YOUR INSTRUCTIONS -> What you give back should be exactly the lines from the one with "- OSPF 멀티에어리어 구성 (Area 1234, 0, 56)" through the end of the data, without the pictures.
****
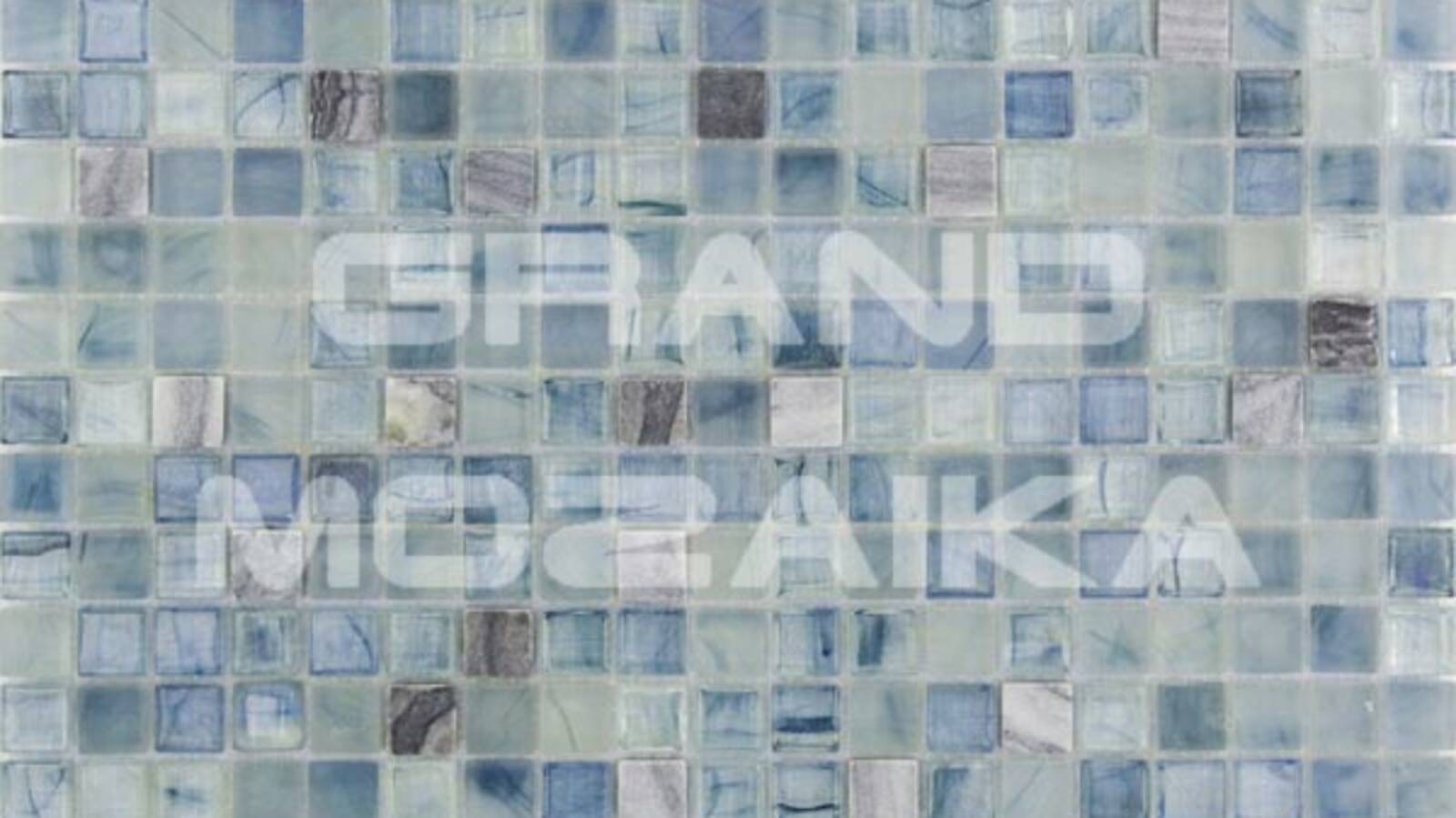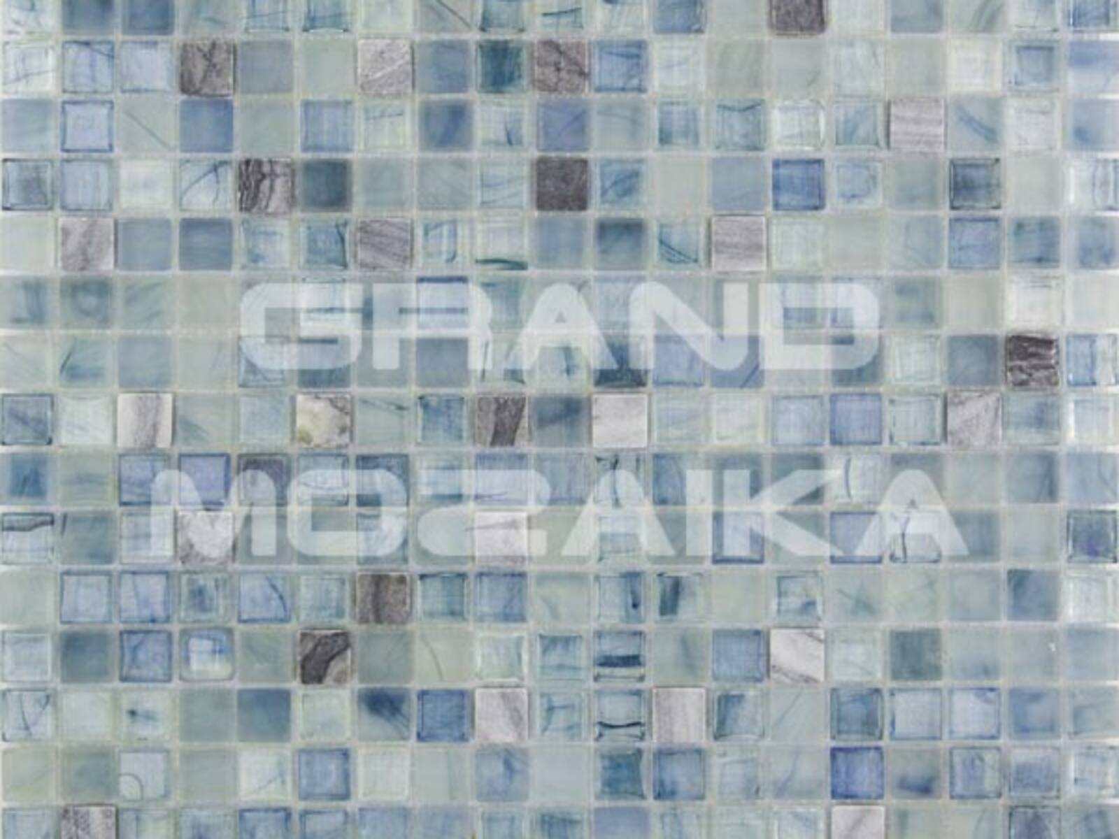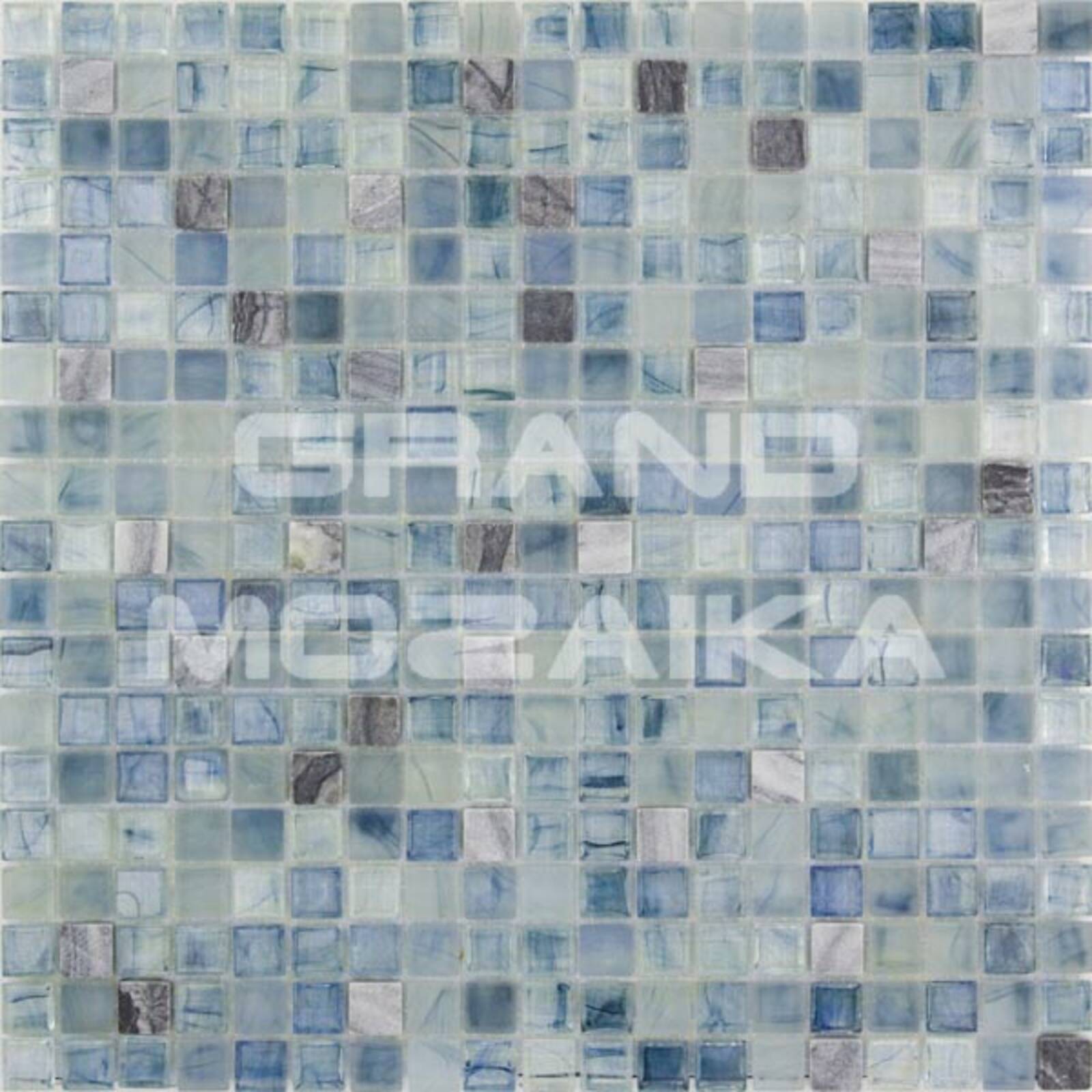 Мозаика серии Amber выполнена из маленьких кусочков размером 15х15 мм. Элементы голубого цвета сделаны из стекла с размытым рисунком. Полотно 327х327 удобно в монтаже и не требует особых навыков.
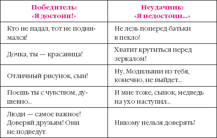 Таблица показывает, как своими словами мы формируем неудачников или растим победителей.
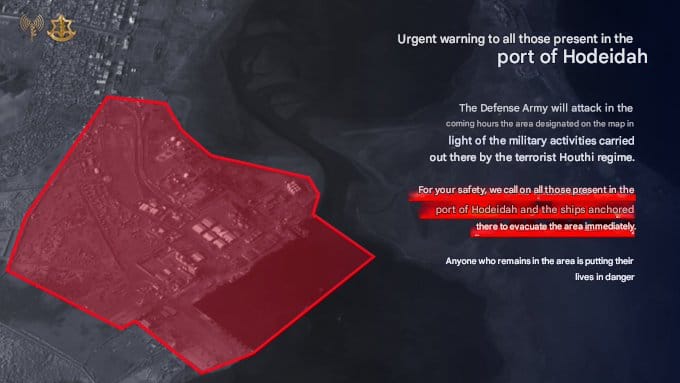 ⚠ The IDF has issued an immediate evacuation warning for the Houthi-controlled Hodeida port in western Yemen ahead of planned strikes. Residents and vessels at the port are urged to leave immediately.
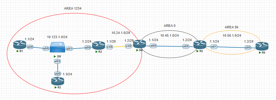 - OSPF 멀티에어리어 구성 (Area 1234, 0, 56)
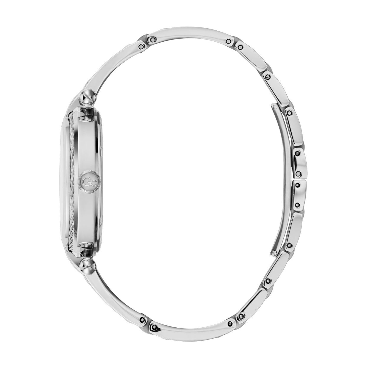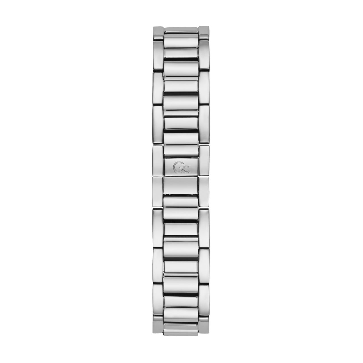 Dit zilverkleurige Gc CableBijou horloge is ��n van de meest elegante maar stoere dameshorloges uit de Gc collectie. De diameter van de kast is 36 mm. De lunet met kabeldetail rondom valt direct op. De elegantie komt naar voren door de donkere parelmoer wijzerplaat met ros�goudkleurige index. De zilverkleurige band met kabeldetails maken dit horloge stoer en modieus. Model: Y56001L7MF.
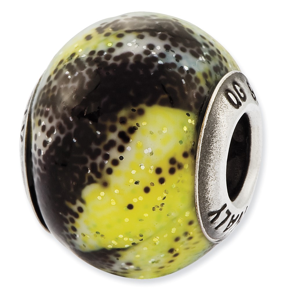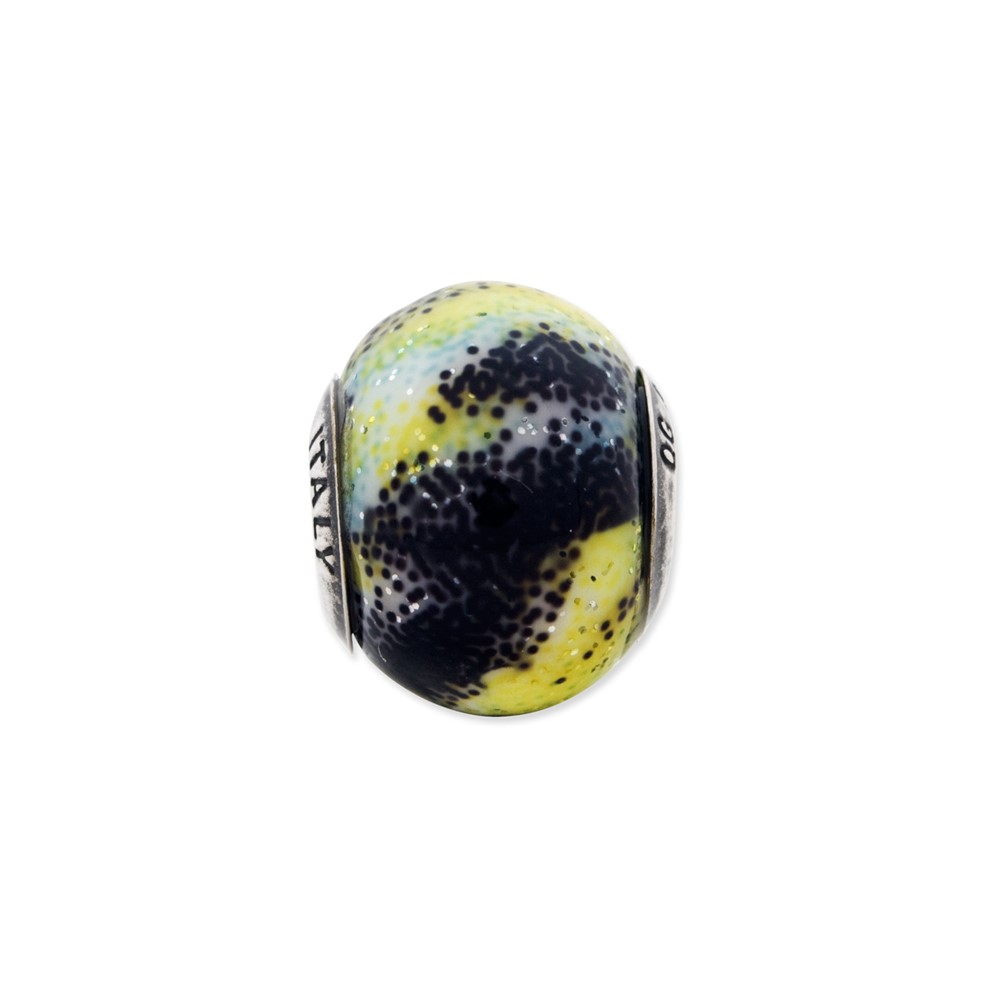 Sterling Silver Reflections Italian Green & Black Glass Bead
****
WRITTEN ANSWER ->
 - OSPF 멀티에어리어 구성 (Area 1234, 0, 56)
 Dit zilverkleurige Gc CableBijou horloge is ��n van de meest elegante maar stoere dameshorloges uit de Gc collectie. De diameter van de kast is 36 mm. De lunet met kabeldetail rondom valt direct op. De elegantie komt naar voren door de donkere parelmoer wijzerplaat met ros�goudkleurige index. De zilverkleurige band met kabeldetails maken dit horloge stoer en modieus. Model: Y56001L7MF.
 Sterling Silver Reflections Italian Green & Black Glass Bead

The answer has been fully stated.